Supplied information section start

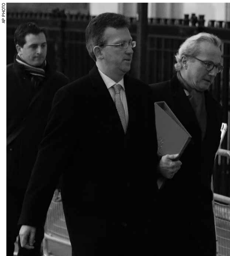
Britain's Attorney General Jeremy Wright (center) arrives at the Supreme Court in London

Significantly, the court also ruled that parts of the United Kingdom — Scotland, Wales and Northern Ireland — do not need to be consulted. Had the court ruled that the "devolved" Parliaments needed a say, a significant delay to the process would have been likely as
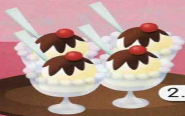
2. ice cream
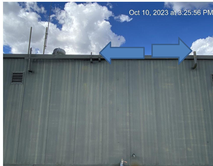
Pressure relief risers missing rain caps

Supplied information section end

Assignment:
Everything from the line containing "Significantly, the court" to the last line of the listing above must be reproduced exactly, with no pictures included.

Answer area:
Significantly, the court also ruled that parts of the United Kingdom — Scotland, Wales and Northern Ireland — do not need to be consulted. Had the court ruled that the "devolved" Parliaments needed a say, a significant delay to the process would have been likely as
2. ice cream
Pressure relief risers missing rain caps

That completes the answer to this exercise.